La communauté gitane dénonce « un crime »

Le Petit Journal vient de recevoir deux courriers du responsable local de la communauté gitane de Perpignan et du responsable national. Le correspondant local reconnaît lui-même que des responsables gitans l’ont appelé pour lui dire que pour eux cette une était « un crime » car ils pensent que les Perpignanais auront lu le titre sans lire le dossier et les articles. Il y aurait donc distorsion entre le but et les moyens utilisés. La provocation se serait retournée contre ses auteurs.

« Le but n’était évidemment pas de stigmatiser une population » indique-t-on à Montauban où l’on assure qu’une rencontre est d’ailleurs prévue rapidement entre la communauté gitane et le correspondant local.

Un « petit » journal…

Le Petit Journal édite une douzaine d’éditions hebdomadaires principalement en Midi-Pyrénées, mais aussi dans l’Hérault, les Pyrénées-Orientales et l’Aude. « Nous ne recevons aucune aide de l’Etat, s’exclame Alain Paga, nous faisons tout cela de bric et de broc ! »
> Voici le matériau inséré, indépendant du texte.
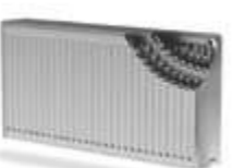
Тип 33 - PKKPK

Par ailleurs, Alain Paga a récemment été mis en examen pour « recel de fonds publics détournés par personne dépositaire de l’autorité publique ou investie d’une mission de service public » soupçonné d’avoir publié des articles payés par la ville de Montauban au profit de la maire LR Brigitte Barèges, elle aussi mise en examen, durant la campagne des élections municipales de mars 2014.

FV

MISE A JOUR DU 20 AOUT : 
Le président d’une association gitane a porté plainte pour « discrimination » jeudi. « Je sors du commissariat où j’ai déposé plainte contre le journal pour discrimination »,
a déclaré Joseph Saadna, président du Comité d’animation de la Place du Puig, dans le quartier Saint-Jacques à Perpignan. « Il est dit que les Gitans ne servent à rien, qu’ils ne veulent pas s’intégrer, travailler, mais il ne faut pas oublier qu’on est français, on n’a pas à s’intégrer, c’est notre pays », a-t-il dénoncé.
Le titre, « inadmissible« , et l’article ont « énormément choqué » Jean-David Rey, président de l’association Gitans de France. « On est français, comme vous, comme n’importe qui », a-t-il ajouté. (avec AFP).